Records for this exercise:
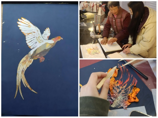 2026年1月19日至23日,依托教育与音乐学院“一站式”学生社区支持的“栖羽金窗”实践团队深入明溪紫云村,跟随县级非遗传承人罗全娣系统学习明溪紫云金箔彩画全流程技艺。团队不仅完整复现了“金碧辉映”的唐宋宫廷工艺,更以明溪生态标志“白鹇”为主题,通过野外写生将生态元素转化为金箔艺术语言,创作六幅融合传统技法与地域叙事的新作,实现“非遗+生态”的创新实践,为古老技艺注入当代生命力。
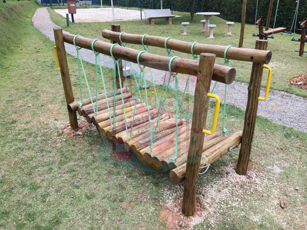 Ponte suspensa em tronco de eucalipto tratado em autoclave, com estrutura resistente e segura, ideal para atividades de equilíbrio e coordenação motora em ambientes externos.
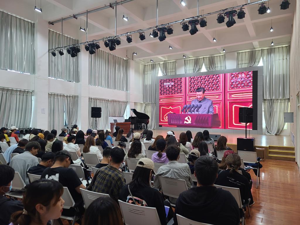 7月1日上午8时,庆祝中国共产党成立100周年大会在北京天安门广场隆重举行,中共中央总书记、国家主席、中央军委主席习近平发表重要讲话。音乐学院组织师生在音乐楼四楼多功能厅收看庆祝大会直播盛况,共同见证激动人心的历史时刻,感受中国共产党成立100周年取得的辉煌成就。
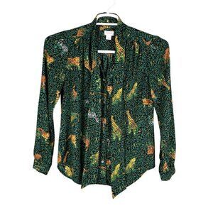 J.Crew Womens Green Jungle Print Long Sleeve Button Up Blouse Tie Neck XXS Artsy
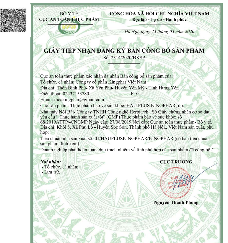 Sản phẩm Hàu Plus KingPhar đã được Cục An toàn Thực Phẩm cấp giấy chứng nhận sản phẩm bảo vệ sức khỏe và được Bộ Y Tế kiểm định và được cấp phép lưu hành trên toàn quốc.
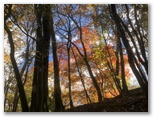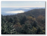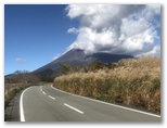 30分ほど降って、雨が上がりました。たちまち青空が戻り、木々が輝き始めます。こんなとき、脳内を流れるのは交響曲「田園」の第五楽章。紅葉・黄葉を愛でながら、軽快に足が進みます。付近に誰もいないのをいいことに、「晩秋の頃」を口ずさみました。♪茜や、金色、落ち葉の道...♪ そして最後にトラロープをまたいで、車道に飛び出しました。水ヶ塚は左方向です。ここで、うれしや、富士山の勇姿! 黒雲は離れつつあり、代わって白い雲が吹き出ていました。
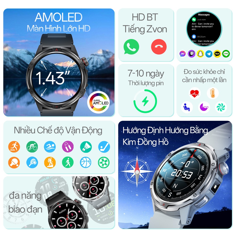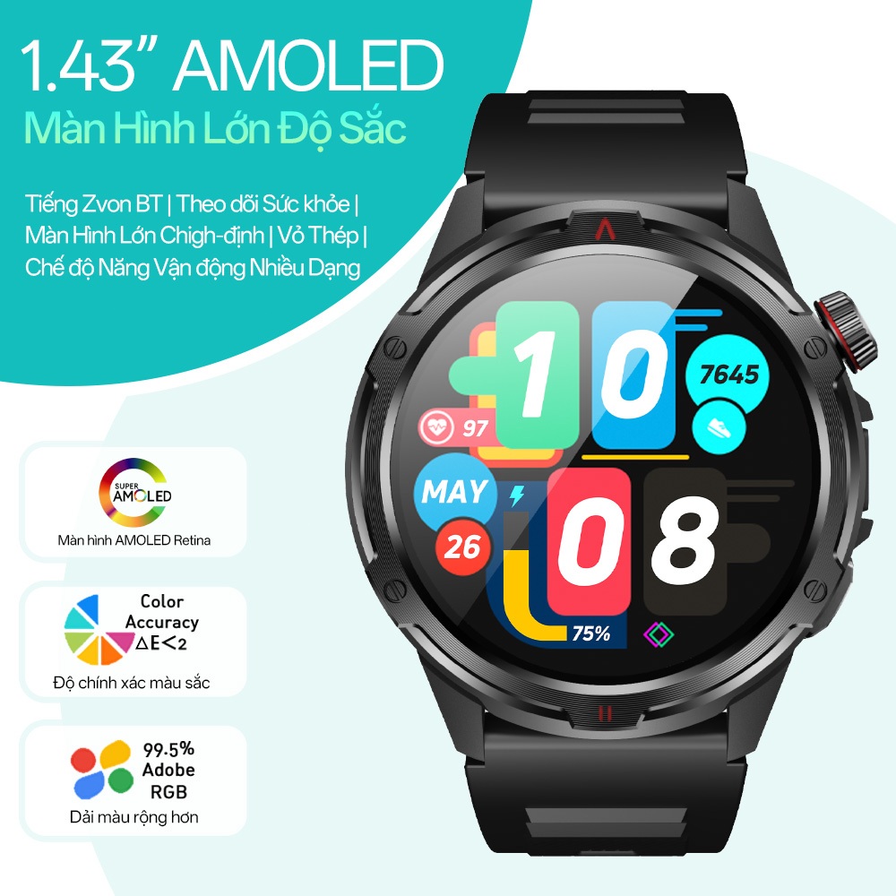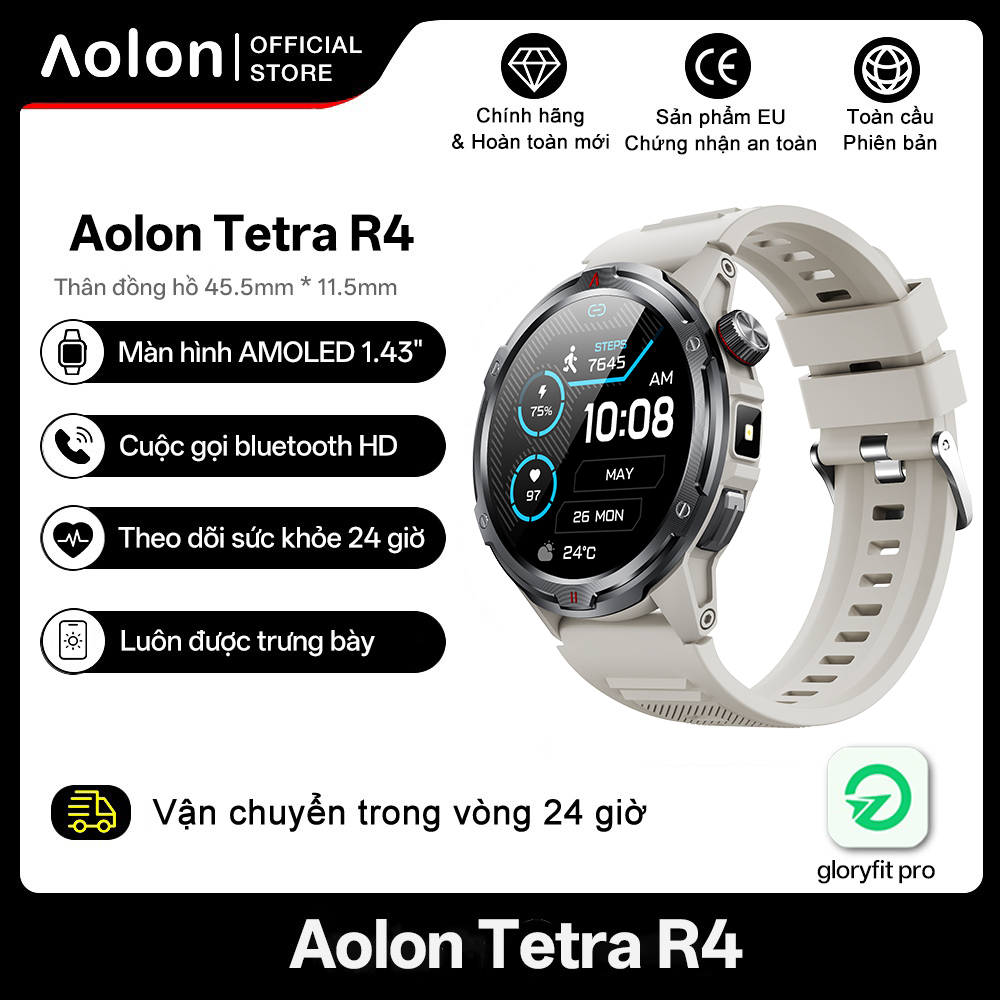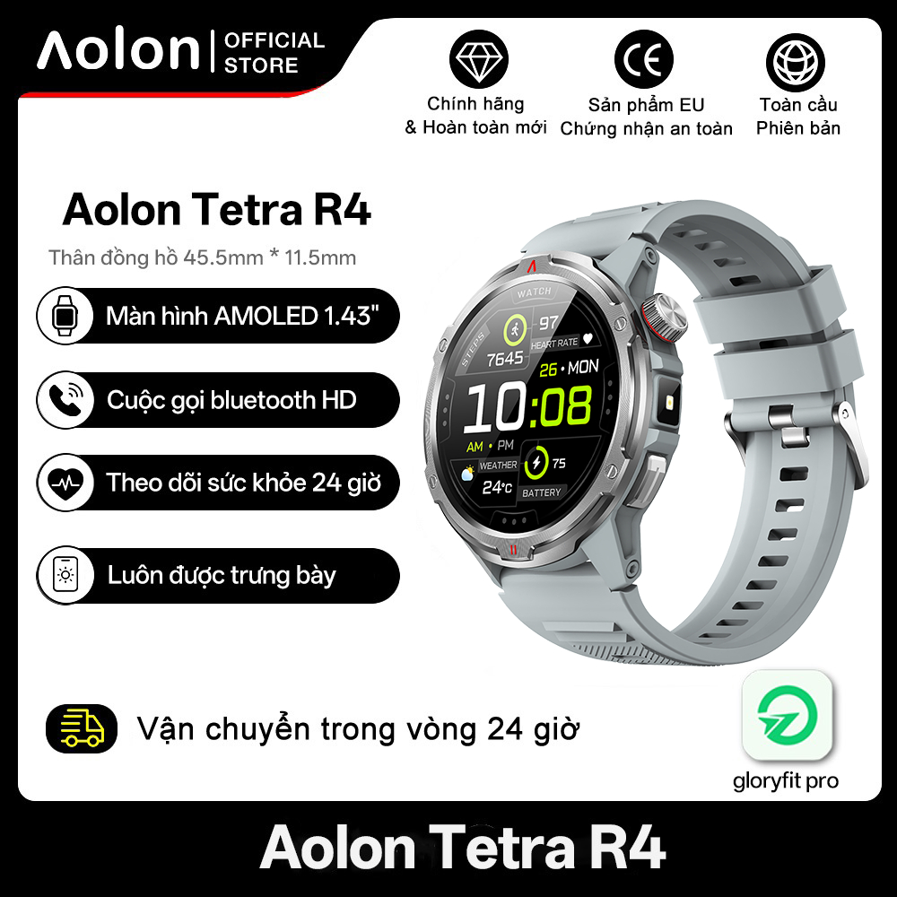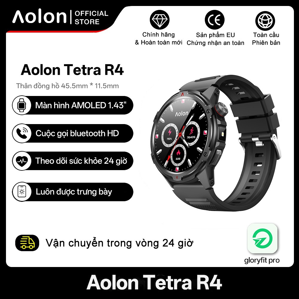 [Bán Chạy] Aolon Tetra R4 Đồng hồ thông minh xịn | GPS | AMOLED | Strava | Theo dõi sức khỏe | Chống nước 1ATM | La bàn
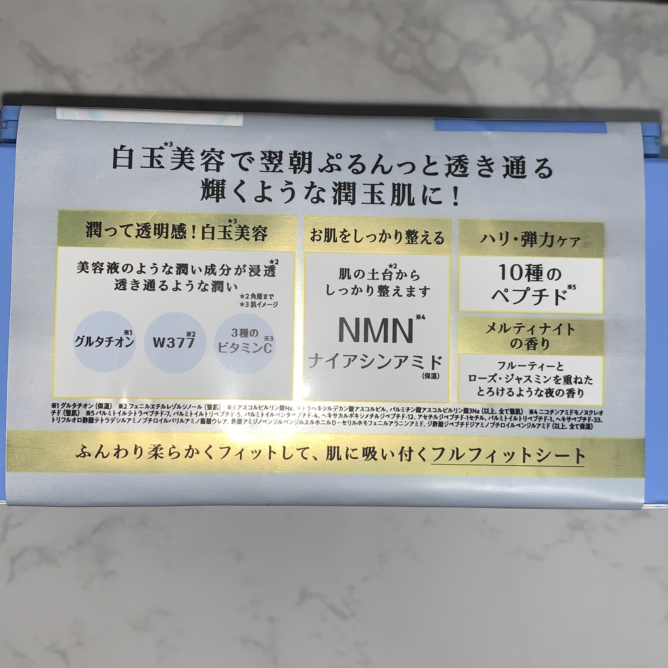 - 夜3分*1 の白玉*2 美容マスクでぷるんっと透き通る、 潤玉肌に ●おやすみ前はこれ1枚!オールインワン処方マスク 化粧水+乳液+美容液+クリーム+パック ●潤って透明感!白玉美容 【グルタチオン*3】 アミノ酸からなる成分で、美しく透明感のある肌に 【W377*4】 ドイツで開発された整肌成分 【3種のビタミンC*5】 ビタミンC誘導体採用 ●10種のペプチドが肌に浸透*6 し、ふっくらとしたハリ肌へ。 ふっくらとしたハリやキメを整えます。 ・パルミトイルテトラペプチド-7・パルミトイルトリペプチド-5 ・パルミトイルペンタペプチド-4・アセチルジペプチド-1セチル ・ヘキサカルボキシメチルジペプチド-12・パルミトイルトリペプチド-1 ・トリフルオロ酢酸テトラデシルアミノブチロイルバリルアミノ酪酸ウレア ・酢酸アミジノベンジルベンジルスルホニルD-セリルホモフェニルアラニンアミド ・ジ酢酸ジペプチドジアミノブチロイルベンジルアミド・ヘキサペプチド-33 (以上、全て保湿) ●ナイアシンアミド配合で、肌のベース*6 からアプローチ 保湿成分としてナイアシンアミド、NMN*7 を配合ししっかりと潤いで満たします。 NMN*7 ・ナイアシンアミド(保湿) ●メルティナイトの香り *1 使用時間目安 *2 肌イメージ *3 グルタチオン(保湿) *4 フェニルエチルレゾルシノール(整肌) *5 アスコルビルリン酸Na、テトラヘキシルデカン酸アスコルビル、パルミチン酸アスコルビルリン酸3Na(以上、全て整肌) *6 角層まで *7 ニコチンアミドモノヌクレオチド(整肌)
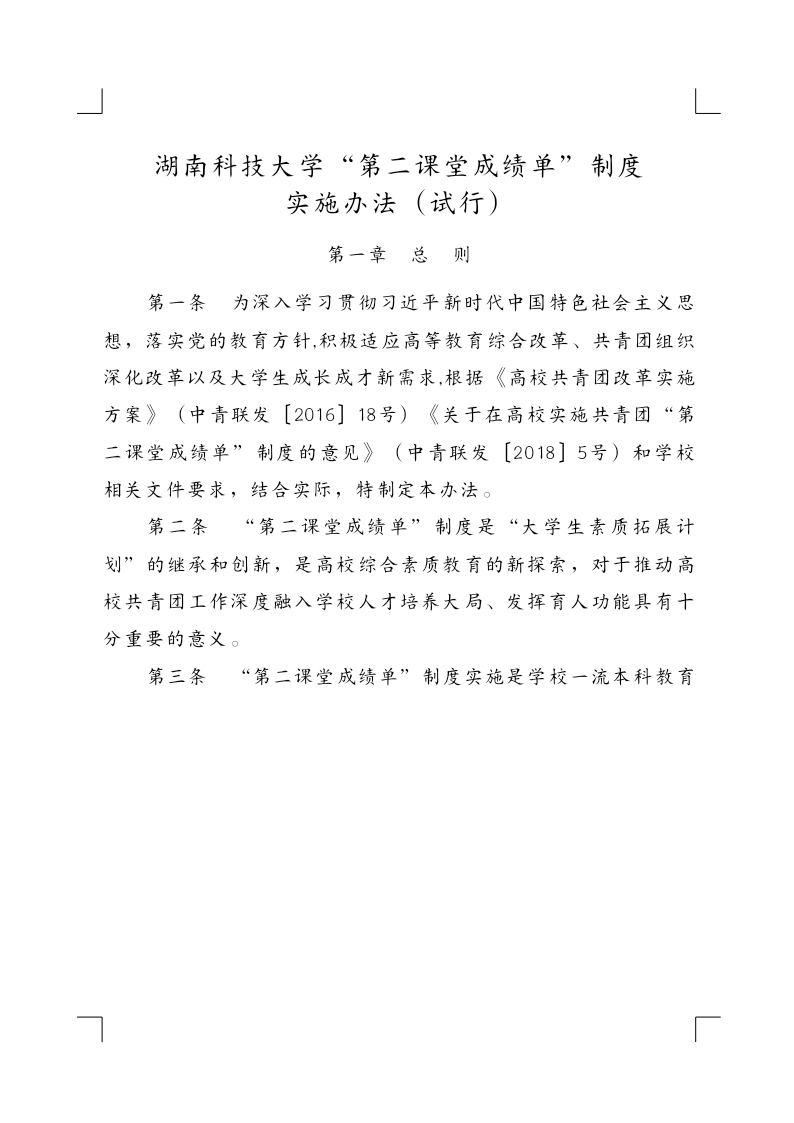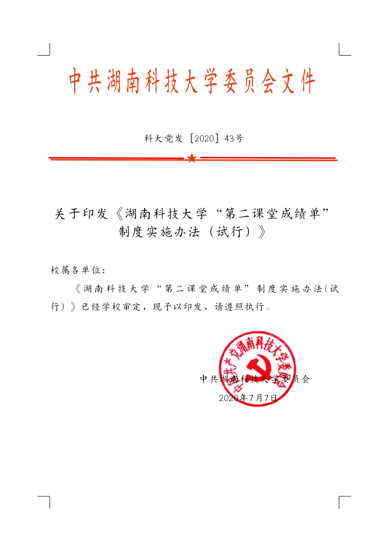 湖南科技大学“第二课堂成绩单"制度实施办法(试行)

Exercise:
Please output, exactly and with no pictures, only the lines from the one containing "[Bán Chạy] Aolon" through the final line of the records above.

Exercise result:
 [Bán Chạy] Aolon Tetra R4 Đồng hồ thông minh xịn | GPS | AMOLED | Strava | Theo dõi sức khỏe | Chống nước 1ATM | La bàn
 - 夜3分*1 の白玉*2 美容マスクでぷるんっと透き通る、 潤玉肌に ●おやすみ前はこれ1枚!オールインワン処方マスク 化粧水+乳液+美容液+クリーム+パック ●潤って透明感!白玉美容 【グルタチオン*3】 アミノ酸からなる成分で、美しく透明感のある肌に 【W377*4】 ドイツで開発された整肌成分 【3種のビタミンC*5】 ビタミンC誘導体採用 ●10種のペプチドが肌に浸透*6 し、ふっくらとしたハリ肌へ。 ふっくらとしたハリやキメを整えます。 ・パルミトイルテトラペプチド-7・パルミトイルトリペプチド-5 ・パルミトイルペンタペプチド-4・アセチルジペプチド-1セチル ・ヘキサカルボキシメチルジペプチド-12・パルミトイルトリペプチド-1 ・トリフルオロ酢酸テトラデシルアミノブチロイルバリルアミノ酪酸ウレア ・酢酸アミジノベンジルベンジルスルホニルD-セリルホモフェニルアラニンアミド ・ジ酢酸ジペプチドジアミノブチロイルベンジルアミド・ヘキサペプチド-33 (以上、全て保湿) ●ナイアシンアミド配合で、肌のベース*6 からアプローチ 保湿成分としてナイアシンアミド、NMN*7 を配合ししっかりと潤いで満たします。 NMN*7 ・ナイアシンアミド(保湿) ●メルティナイトの香り *1 使用時間目安 *2 肌イメージ *3 グルタチオン(保湿) *4 フェニルエチルレゾルシノール(整肌) *5 アスコルビルリン酸Na、テトラヘキシルデカン酸アスコルビル、パルミチン酸アスコルビルリン酸3Na(以上、全て整肌) *6 角層まで *7 ニコチンアミドモノヌクレオチド(整肌)
 湖南科技大学“第二课堂成绩单"制度实施办法(试行)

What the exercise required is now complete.